Fig. 3 Elastic anisotropy plots of (a) Na₃InBr₆, (b) K₃InBr₆ and (c) Rb₃InBr₆.

Electronic properties

The nature of a material is determined by its electronic properties, and collectively, these properties govern the material's electronic behavior. Moreover, the electronic properties of the halides can be manipulated by altering the A-site cation or X-site anion, as these modifications alter the crystal structure and orbital hybridization in the material. The electronic properties of (Na/K/Rb)₃InBr₆ were obtained via the mBJ approximation and are presented in Fig. 4. All three studied halides exhibit no band-crossing at the Fermi level, indicating their semiconducting nature. A visible gap in the valence and conduction bands is visible for the studied halides, indicating no metallic behavior. The comparatively flat bands in both the valence and conduction regions indicate localized electronic states, which are typical of ionic halide perovskites. The obtained electronic bandgaps for Na₃InBr_6, K₃InBr₆ and Rb₃InBr₆ are 3.37 eV, 3.84 eV and 3.86 eV, as depicted in Fig. 4(a–c). All studied halides have direct bandgaps. This systematic increase in the bandgap from Na₃InBr₆ to Rb₃InBr₆ is due to lattice expansion and reduced In–Br orbital hybridization. Furthermore, this change in the bandgap is also evident through the TDOS plots for all studied halides. The TDOS plots for Na₃InBr_6, K₃InBr₆ and Rb₃InBr₆ also show a rising trend, which suggests that A-site substitution significantly modifies the electronic states by reducing orbital overlap, improving the ionic nature of the material, which leads to wide bandgaps. The band structure and TDOS investigations show that Na₃InBr_6, K₃InBr₆ and Rb₃InBr₆ are wide-gap semiconductors with tunable electronic characteristics caused by A-site substitution. The ability to modify the bandgap by alkali-metal cation engineering makes these materials potential candidates for optoelectronic, insulating, and UV-related device applications that require chemical stability and band-gap control.
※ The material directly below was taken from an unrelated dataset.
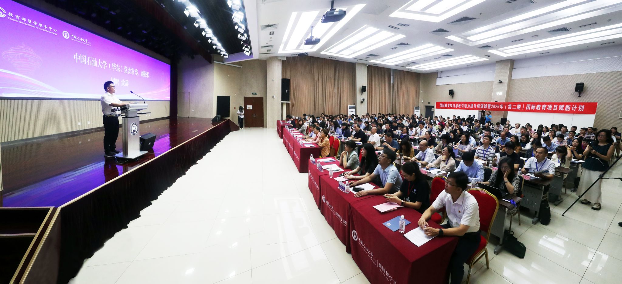 为应对复杂国际环境下的留学新挑战、筑牢国际化人才思想政治根基,由教育部留学服务中心主办、bwin·必赢(中国区)官方网站-officialswebsi(华东)承办的“国际教育项目思政引领力提升培训班”于7月30-31日在青岛成功举办。来自全国77所高校的175位国际教育项目负责人齐聚一堂,聚焦“锻造强大的思政引领力 推动国际教育项目高质量发展”主题,深入探讨思政教育赋能国际化办学的方法路径,着力培养具有浓厚家国情怀、广阔国际视野的优秀人才。教育部留学服务中心副主任夏建辉、我校副校长周鹏出席活动并致辞。

Fig. 4 Electronic properties of (a) Na₃InBr₆ (b) K₃InBr₆ and (c) Rb₃InBr₆.

The partial density of states plots for Na₃InBr_6, K₃InBr₆ and Rb₃InBr₆ are presented in Fig. 4(a–c). For Na₃InBr₆, the Na-s, Na-p, In-s and In-d orbitals have a minor contribution to the valence band, whereas a high contribution from the Br-s and Br-p states is observed. In the conduction band, the Br-s states are more prominent, along with a minor contribution from the In-s states, as depicted in Fig. 5(a). Fig. 5(b) demonstrates the partial density of states plot for K₃InBr₆, which indicates a minor contribution of the K-s, K-p, In-s and In-p orbitals to the valence band, whereas the majority contribution is from the Br-s and Br-p states. The conduction band has a high contribution from the Br-s states with a minor contribution from the K-p states. The valence band of Rb₃InBr₆ has a minor contribution from the Rb-s, Rb-p, In-s, In-p and In-d states, whereas the major contribution is from the Br-s and Br-p states. Furthermore, the conduction band has a large contribution from Br-s states, with minor contribution of In-s and In-d states, as depicted in Fig. 5(c).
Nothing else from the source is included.